Curiously, “the case of the Czech diplomats,” aka “the case of the Czech spies,” coincided in time with the government-instigated scuffles on May 9 in Lviv. Even though there seems to be no direct link between the two events, the quickness with which the ruling party reacted suggests that Yanukovych wanted to do at least something to please his Moscow patrons. This is one of the many possible scenarios: punish both nationalist culprits and representatives of Europe.
If this is not a case of non-science fiction (something the SBU has been churning out during Yanukovych’s presidency) and if the Czechs were indeed interested in the rocket research Ukraine is doing for Russia, the Kremlin would have to appreciate the diligence of Yanukovych's team. This would send a powerful signal to Moscow: even though we are formally playing the Europe-and-Russia game and say were are preparing to join Europe, you know that in reality we are championing our common cause, which is to extend the “Russian World” across all of Ukraine.
Notably, Czech Foreign Minister Karel Schwarzenberg said that the diplomatic expulsion was “most likely revenge” on the Czech Republic for granting asylum to Bohdan Danylyshyn, the former economy minister the Yulia Tymoshenko government. This is the second scenario, which is supported by the fact that several days ago a new international NGO, Ukraine’s European Prospect, was launched in Prague. One of its main objectives is to rally Ukrainian citizens around the European system of values. Among its leaders is Danylyshyn, whom Yanukovych’s regime would rather see in a prison cell next to former Interior Minister Yuriy Lutsenko.
The third version is that the Ukrainian government was spurred into action by Prague gradually taking over the functions Warsaw voluntarily performed for Ukraine almost throughout its independence. As Poland, led by Prime Minister Donald Tusk, started to scale down its cooperation with Ukraine and its civic society, the Czech Republic stepped up its efforts.
One proof of this is that Danylyshyn applied for political asylum in Prague rather than Warsaw. Considering how closely Poland had cooperated with Ukraine, Warsaw would seem to be his top option, but Danylyshyn must have feared that Poland could turn him down to avoid irking Moscow, whose puppets are running the show in Ukraine today.
Democracy in Ukraine is beginning to receive most of its support from Prague rather than Warsaw. Russia has not been able to influence the Czech Republic as much as Poland. In general, the diplomatic conflict may have far-reaching consequences, because it clearly undermines the friendly relations and understanding Ukraine has had with the Czech Republic over the past 20 years.

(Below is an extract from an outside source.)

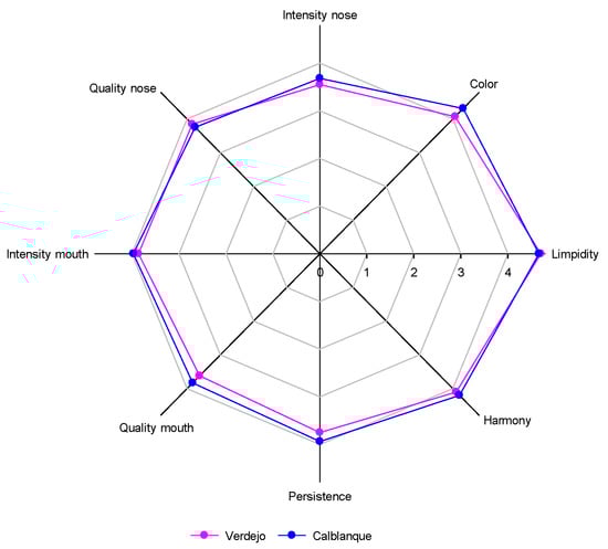 As can be observed in Figure 2, ‘Calblanque’ wine was compared to ‘Verdejo’ wine due to both being white varieties, and in addition, ‘Verdejo’ is considered a high quality wine among white wines in Spain. Among the descriptive attributes taken into account, color, mouth and aroma characteristics were evaluated. Although the difference was small between both wines, the tasters were able to distinguish them sensorially, giving them different scores. With regard color, ‘Calblanque’ wines showed a higher value in comparison to ‘Verdejo’ wines. Regarding nose attributes, intensity was higher in ‘Calblanque’ wines than in ‘Verdejo’ wines; however, the quality was superior in the latter in comparison with ‘Calblanque’. Intensity, quality and persistence in mouth were higher in ‘Calblanque’ than ‘Verdejo’ wines. Finally, harmony, a parameter that alludes to the global perception of the wine, also scored higher in ‘Calblanque’ wines. Moreno-Olivares et al. (2020) [59], in a study carried out with different white crossbreeds from ‘Monastrell’, showed results that highlighted how the crosses MT103, MC69 and MC180 (‘Calblanque’) showed significant differences from and better quality than the ‘Verdejo’ wine.
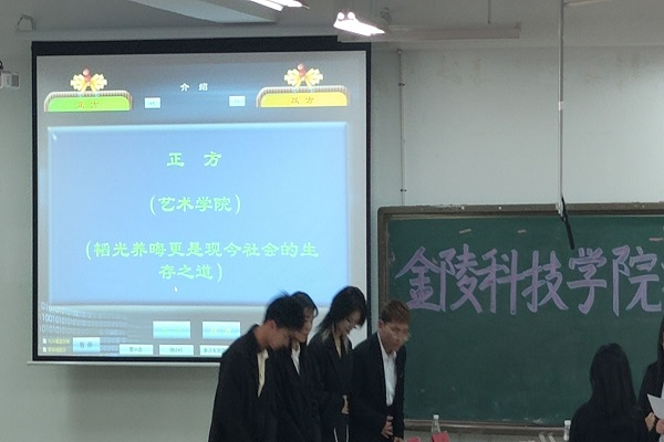 本场辩论赛的正方辩手是艺术学院,他们的论题是“韬光养晦更是现今社会的生存方式”;反方辩手是园艺园林学院,他们的论题是“锋芒毕露更是现今社会的生存方式”。比赛过程中,我方辩手们旁征博引、团队配合默契,在自由辩论环节唇枪舌剑、步步紧逼,他们风格独具,或犀利,或温婉,或沉稳,带给评委及观众们多样化的思维碰撞。评委表示,我院队伍的发言着实精彩且打动人心。本场比赛双方打得难解难分,为现场观众奉献一场精彩绝伦的比赛,最终,我院经过激烈的角逐,最终斩获胜利。

Under the fourth scenario, this incident should be viewed in a somewhat wider context as a struggle between the pro-Moscow and pro-Donetsk groups inside the Party of Regions. It appears that the latter group, whose commercial interests are in Europe rather than in Moscow, is beginning to give ground. In the future, this may reformat the political situation in Ukraine and push it into openly serving the interests of our aggressive northern neighbor.
The “Czech case” is also a signal to Europe showing that the Party of Regions has almost figured out what it is going to do with Ukraine. However, despite the official comments from both sides, the incident appears a bit strange. For one thing, the intelligence services of all countries routinely collect information, and similar incidents are always settled in a quiet, low-profile manner. Thus, the publicity regarding this case, which is far from the biggest “spy scandal” in Ukraine's history, suggests the Ukrainian government had other motives. Consider also the fact that secret documents can often be bought in Ukraine quietly at UAH6 each, according to the blog posts of the intelligence expert Andriy Masalovych.
If you take a closer look at information recently published about Ukraine, you will notice a series of other events. For example, an information leak about the Ukraine-Russia conflict over gas delivery to Europe in 2009 was aimed at focusing attention, both in Ukraine and the world, on our country’s unsolved problems.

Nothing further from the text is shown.